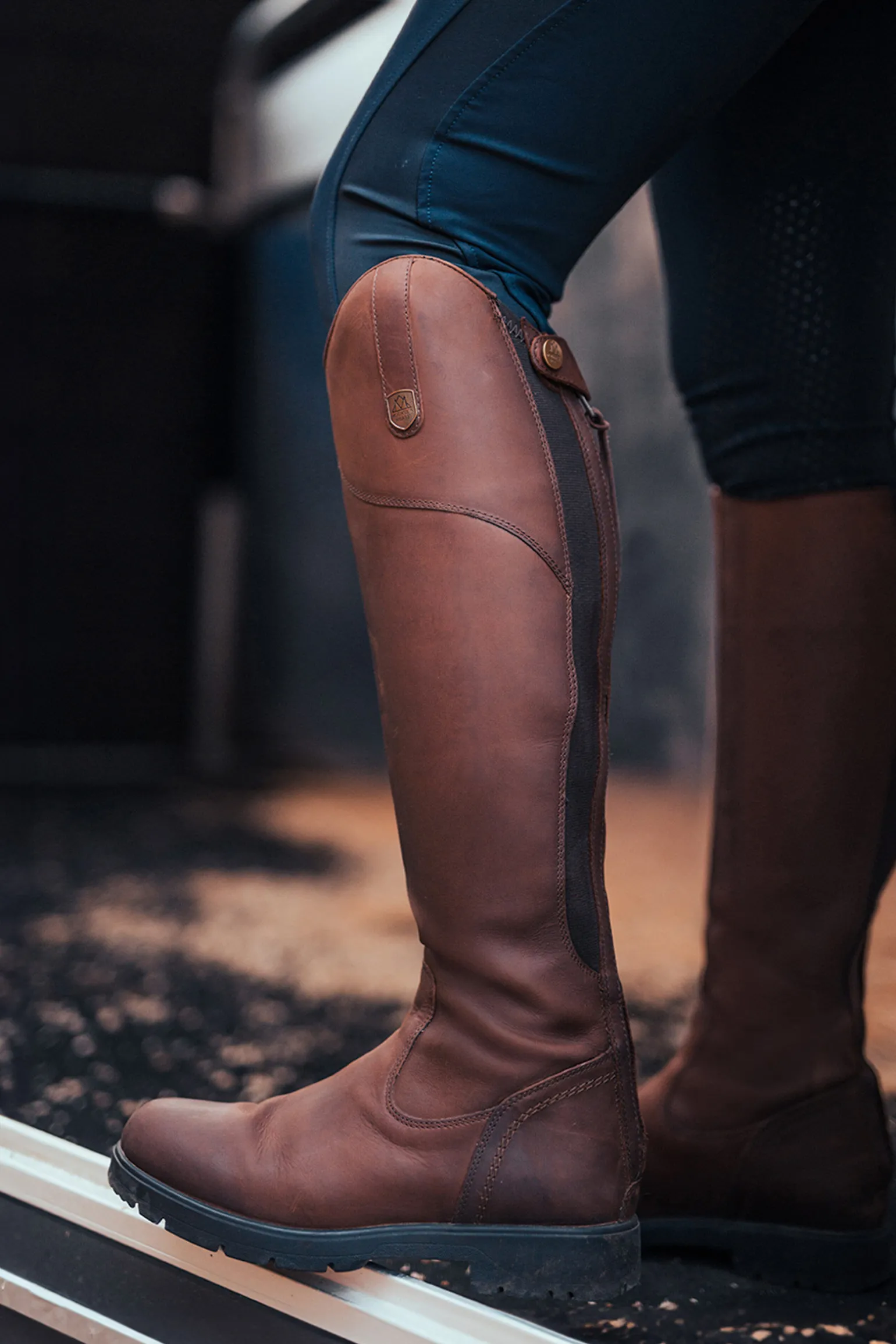 Denne nydelige ridestøvelen er laget i fullnarvet lær.Fot-delen er vanntett slik at dine føtter holdes tørre i dårlig vær.Den innebygde forsterkingen i skaftet øker stabiliteten til støvelen, mens en skjult stretch-sone gir en perfekt passform og gjør den komfortabel å bruke.Midtsålen i PU er støtabsorberende.
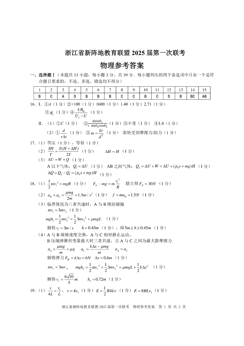 浙江卷浙江省新阵地教育联盟 2025 届第一次联考物理答案
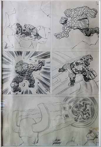 A través del blog de Ferran Delgado, he descubierto una página inédita de Los Cuatro Fantásticos dibujada en su día por Jack Kirby. La página original pertenece ahora mismo al señor John Coyne, y hace poco que la mostró en el Jack Kirby Discussion Group.
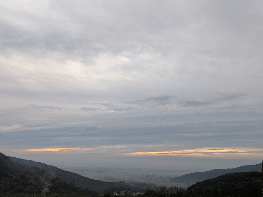 そんなこんなで6時頃にはだいぶ明るくなってきましたが、雲が多いのと、方角的に山に隠れていたのか、結局日の出は見えず。
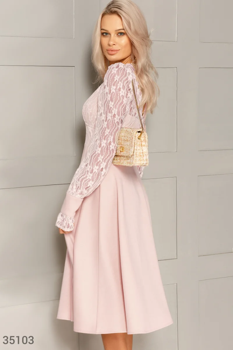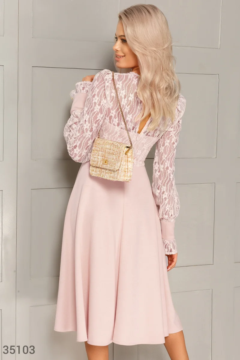 Пудровое расклешенное платье-миди с полупрозрачными объемными рукавами и ажурным верхом комбинирует изысканное кружево premium-класса и мягкую и эластичную ткань с мелкоузорчатым переплетением (креп-дайвинг). Элегантную модель дизайнеры Gepur включили в зимнюю коллекцию 2020 года. Это изделие безупречно подчеркнет женственность и сексуальность его обладательницы.
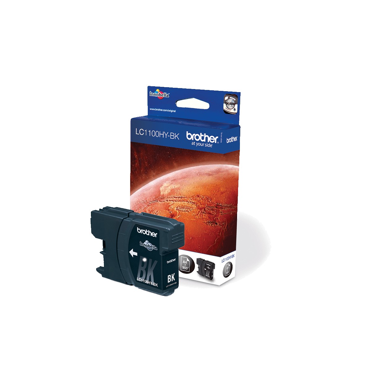 Brother LC1100HYBK. Tipo di inchiostro nero: Inchiostro a base di pigmento, Tipo di fornitura: Confezione singola, Resa in pagine dell'inchiostro a colori: 900 pagine, Colori di stampa: Nero, Quantità per pacco: 1 pz
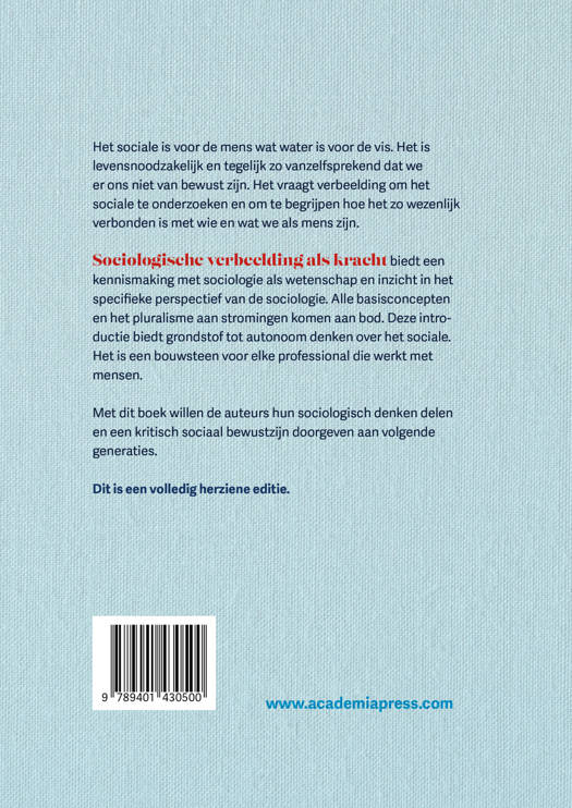 Het sociale is voor de mens wat water is voor de vis. Het is levensnoodzakelijk en tegelijk zo vanzelfsprekend dat we er ons niet van bewust zijn. Het vraagt verbeelding om het sociale te onderzoeken en om te begrijpen hoe het zo wezenlijk verbonden is met wie en wat we als mens zijn. Sociologische verbeelding als kracht biedt een kennismaking met sociologie als wetenschap en inzicht in het specifieke perspectief van de sociologie. Alle basisconcepten en het pluralisme aan stromingen komen aan bod. Deze introductie biedt grondstof tot autonoom denken over het sociale. Het is een bouwsteen voor elke professional die werkt met mensen. Met dit boek willen de auteurs hun sociologisch denken delen en een kritisch sociaal bewustzijn doorgeven aan volgende generaties. Dit is een volledig herziene editie.
_ _ _
Required work:
Pictures aside, print exactly the lines above starting with the one containing "浙江卷浙江省新阵地教育联盟 2025 届第一次联考物理答案" and going on through the one containing "Brother LC1100HYBK. Tipo".

Task response:
 浙江卷浙江省新阵地教育联盟 2025 届第一次联考物理答案
 A través del blog de Ferran Delgado, he descubierto una página inédita de Los Cuatro Fantásticos dibujada en su día por Jack Kirby. La página original pertenece ahora mismo al señor John Coyne, y hace poco que la mostró en el Jack Kirby Discussion Group.
 そんなこんなで6時頃にはだいぶ明るくなってきましたが、雲が多いのと、方角的に山に隠れていたのか、結局日の出は見えず。
 Пудровое расклешенное платье-миди с полупрозрачными объемными рукавами и ажурным верхом комбинирует изысканное кружево premium-класса и мягкую и эластичную ткань с мелкоузорчатым переплетением (креп-дайвинг). Элегантную модель дизайнеры Gepur включили в зимнюю коллекцию 2020 года. Это изделие безупречно подчеркнет женственность и сексуальность его обладательницы.
 Brother LC1100HYBK. Tipo di inchiostro nero: Inchiostro a base di pigmento, Tipo di fornitura: Confezione singola, Resa in pagine dell'inchiostro a colori: 900 pagine, Colori di stampa: Nero, Quantità per pacco: 1 pz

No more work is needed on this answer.